Sur fond de réchauffement climatique, les conflits d’usage affleurent dans certains bassins de production d’eau minérale. A Vittel (Vosges), l’agence de l’eau tente de finaliser un plan prévoyant la modernisation des réseaux d’eau publics et une baisse des prélèvements de Nestlé Waters.

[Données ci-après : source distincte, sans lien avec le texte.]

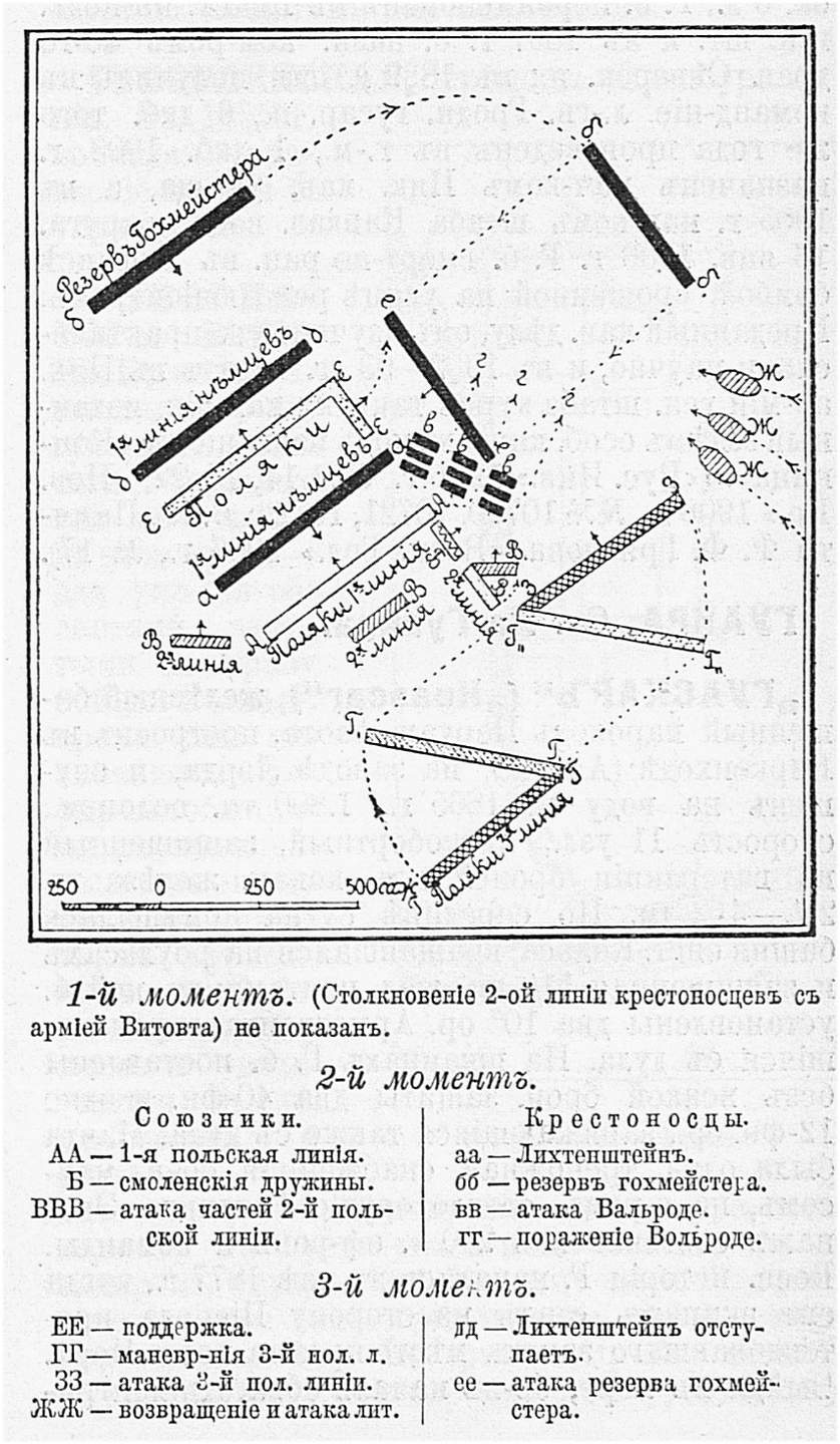 Отступившие было литовские войска, собранные и устроенные Витовтом, возвратились на поле сражения, и союзники окружили тевтонов, гохмейстер был убит, а 6 хоругвей 3-ей линии, предводимые фонТеттингеном, обратились в бегство. Сражение было проиграно орденом.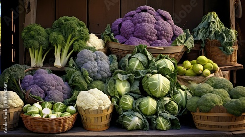 assortment, cabbage, broccoli, fresh, illustration, farmer, market, stall, vegetable, basket, display, vibrant, colours, contrast, rustic, organic, healthy, nourishment, farm, harvest, green, leafy, crunchy, delicious, cooking, receipe, salad, soup, stir, fries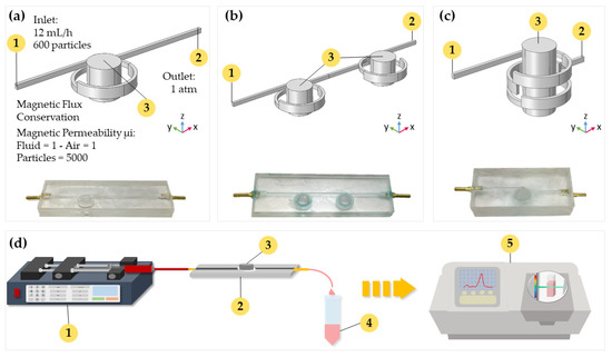 (a) Simulation geometry and actual picture of one-loop microreactor. (b) Simulation geometry and actual picture of the two-horizontal-microreactor. (c) Simulation geometry and actual picture of the two-vertical-loop microreactor. (d) Schematic of the experimental setup for the biotransformation process. The numbers 1, 2, 3, 4, and 5 in the figure correspond to the solution injection, microreactor, permanent magnet, treated sample, and absorbance analysis, respectively.
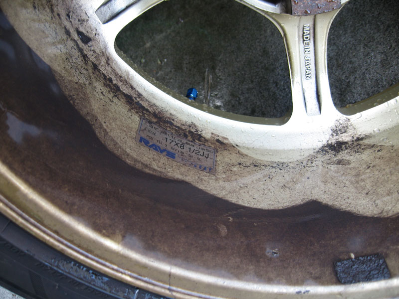 2005年9月23日のスカミ前に一回ホイルを車から全部外して綺麗に洗ったときにはまだ何ともありませんでした。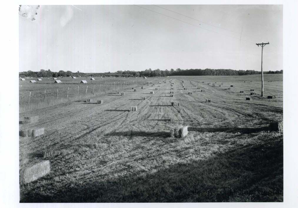 This photo shows a field with bales of hay spread at regular intervals on one side of a fence. On the other side of the fence there is another field filled with chicken shelters.There is a telephone pole on the right.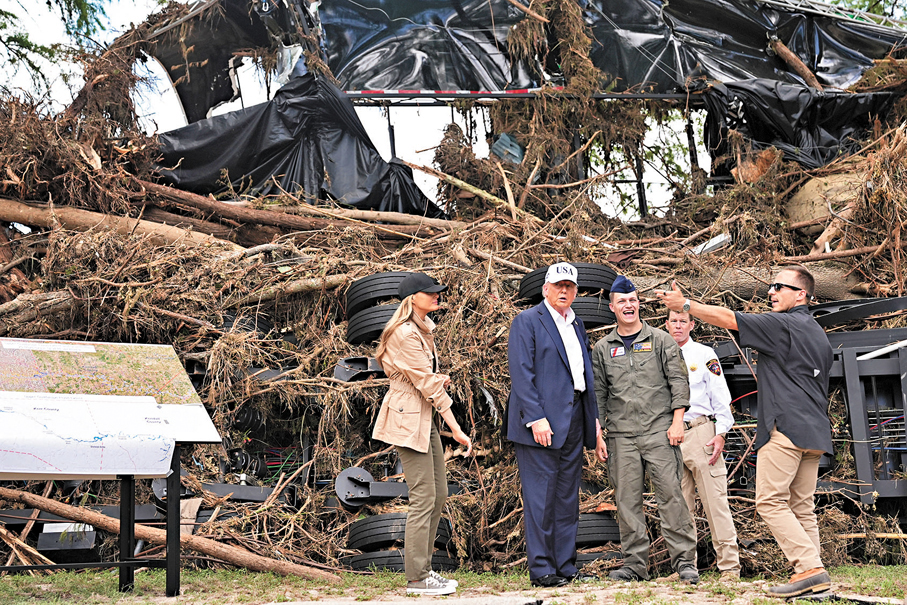 香港文匯報報道,美國得州本月4日暴雨引發的洪災,已造成至少129人死亡,仍有166人失蹤。總統特朗普上周五(7月11日)相隔一周後到災區視察時,強硬回應有關政府應對不力的批評,更斥責質疑預警問題的記者「邪惡」。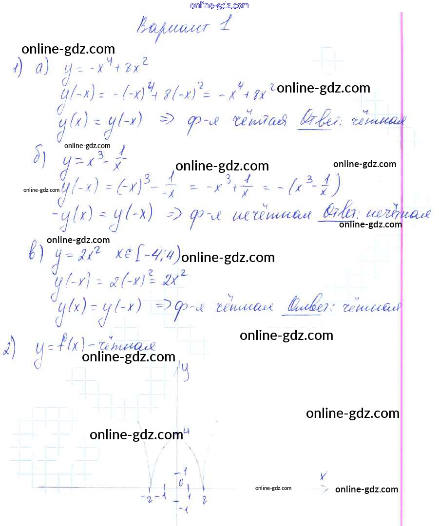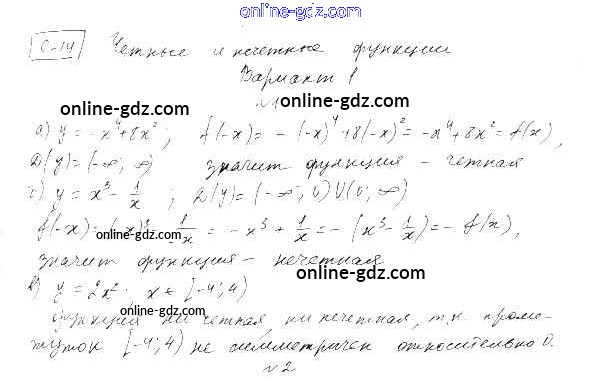 Готовые домашние задания по Алгебре за 9 класс Самостоятельные работы Александрова УМК Базовый уровень 2016 - СР-14. Четные и нечетные функции Тема 3. Числовые функции вариант 1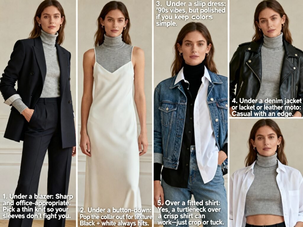 - Over a fitted shirt: Yes, a turtleneck over a crisp shirt can work—just crop or tuck.
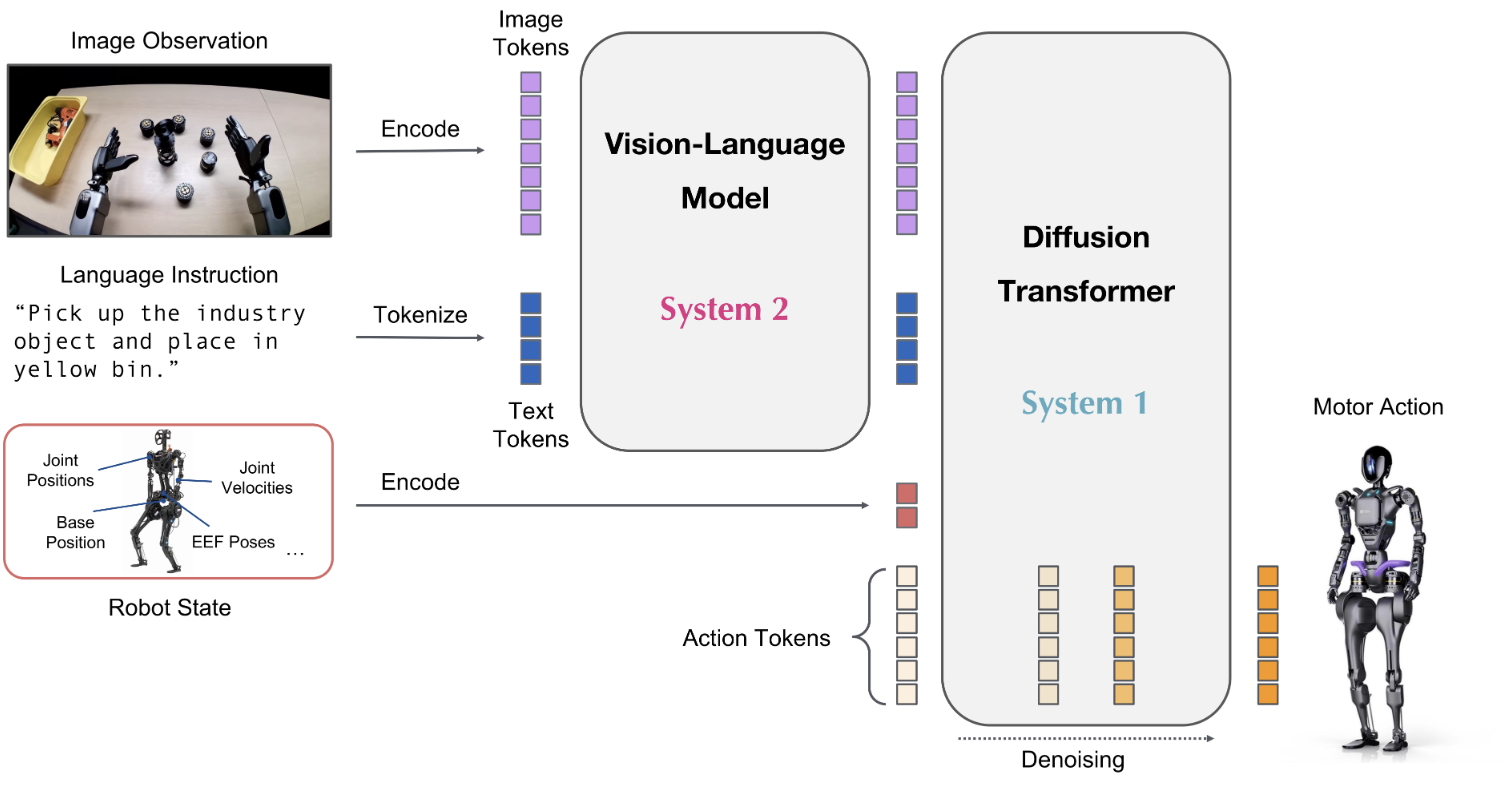 GR00T N1 是首款开源、可定制且预训练的人形机器人基础模型,拥有“System 1”(快速反应动作)与“System 2”(推理规划)的双系统架构。

Dans les Vosges, le bras de fer autour de la ressource en eau a franchi un nouveau pallier cet été. Un collectif de cinq associations a porté plainte contre Nestlé Waters pour dénoncer neuf captages présentant des autorisations administratives lacunaires. Ailleurs, dans l’Ain à Divonne , le conseil municipal, qui avait accordé à la société Andrenius une concession de captage de 90 ans, a dû reculer face à la pression opposant locaux et des voisins suisses. En Loire-Atlantique, une association pointe les prélèvements de la Compagnie générale des eaux de source dans la nappe du Campbon, d’où provient une partie des eaux Cristalline. La contestation émerge également à Volvic (Puy-de-Dôme) ou à Alet-les-Bains (Aude). A chaque fois, les riverains dénoncent le fait que les minéraliers puisent des millions de mètres cubes d’eau minérale dans des nappes superficielles sensibles à la sécheresse ou dans les gisements profonds qui mettront de plus en plus de temps à se recharger.
Assèchement en sous-sol
Dans les Vosges, la nappe des grès du Trias inférieur (GTI), surexploitée depuis des décennies, risque l’assèchement. Trois millions de mètres cubes y sont prélevés chaque année par les collectivités locales et les agriculteurs (55 %), la fromagerie l’Ermitage (20 %) et Nestlé Waters (25 %). Or, sa capacité de recharge n’excède pas 2,1 millions de mètres cubes. Le schéma directeur d’aménagement et de gestion des eaux (Sdage) défini en 2009 a échoué à rétablir l’équilibre de la nappe et le projet de pipeline proposé en 2016 par la Commission locale de l’eau (CLE) a capoté trois ans plus tard.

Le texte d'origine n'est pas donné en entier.